Inherently dynamic and contingent, disciplining is manifest in social, economic cultural, spatial and temporal dimensions and always bears the footprint of major institutions, first and foremost the state. The combined nature of disciplining emphasises that exploitation requires multifaceted workers subsumption – i.e. a whole constellation of ways and forms that workers are directly or indirectly made dependent on producing value for capital. The deconstruction of how workers are disciplined in different ways and within different spaces/times reconciles concrete (more or less manifest) forms of oppression, coercion and marginalisation to abstract capitalist relations of production allowing to unravel that forest of relations through which workers become in different ways ‘capital-posing labour’ (Banaji, 2011). Thus, the analysis of labour disciplining requires investigating how gender, as one socially constructed source of difference, is inherently contingent and mediated (by the state and other institutions) and producing distinctive ideas of man/womanhood in different places, and different ways these are challenged (Hart, 1997). While labour disciplining already expresses the contested nature of control springing from ‘the dialectical relation of capital and labour’ (Edwards and Whitston, 1989: 7), not all agency effectively challenges disciplining and exploitation. In other words, while workers always shape the capital-labour relation, they are far less able to resist it. Thus, as women shape, challenge and rework different forms of disciplining encroaching them, like all workers everywhere they are less able to consciously ‘resist, subvert, or disrupt’ the conditions of exploitation and oppression inherent to capitalist production (Katz, 2004: 251). This highlights the multiple sources of disciplining facing women – and crucially the contradictory requirements of social reproduction and production (Fraser, 2016) – as challenge to one might imply greater reliance to the other.
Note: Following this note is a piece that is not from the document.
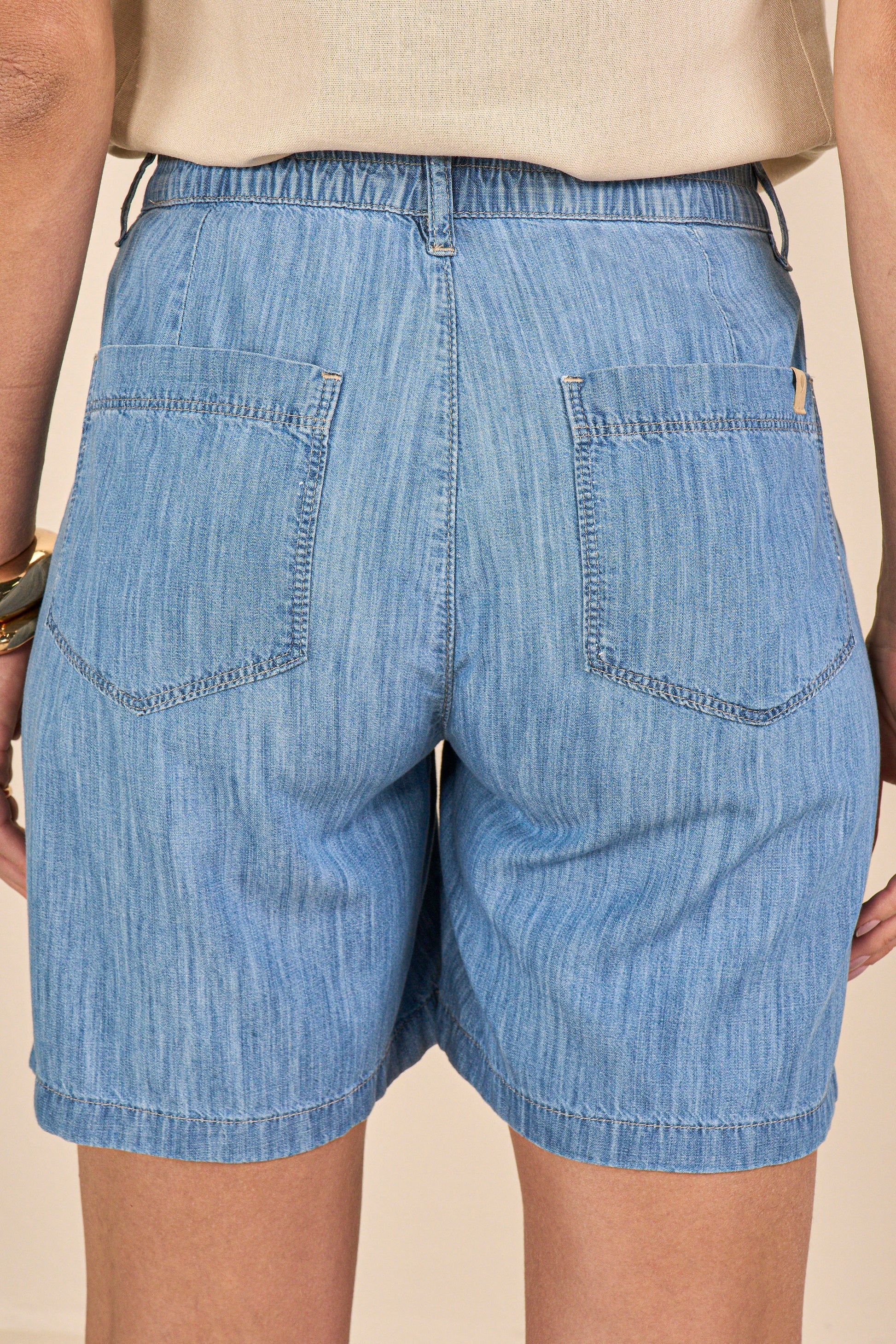 bermuda jeans midi cintura intermediária com pregas solta ao corpo jeans leve cos elastico para maior conforto use para um look casual 67% viscose 33% algodão

Before focussing on labour control and resistance in Senegalese households and factories, the next section sketches some core elements of the construction of gender in rural Senegal. 1 These processes combine pre-colonial, colonial and post-colonial legacies, including the institutionalisation of polygyny within religion and the state, and – as argued below – its mobilisation to advance capitalist relations. In other words, the disciplining and exploitation of women are mediated by their agrarian context, the state, and religion.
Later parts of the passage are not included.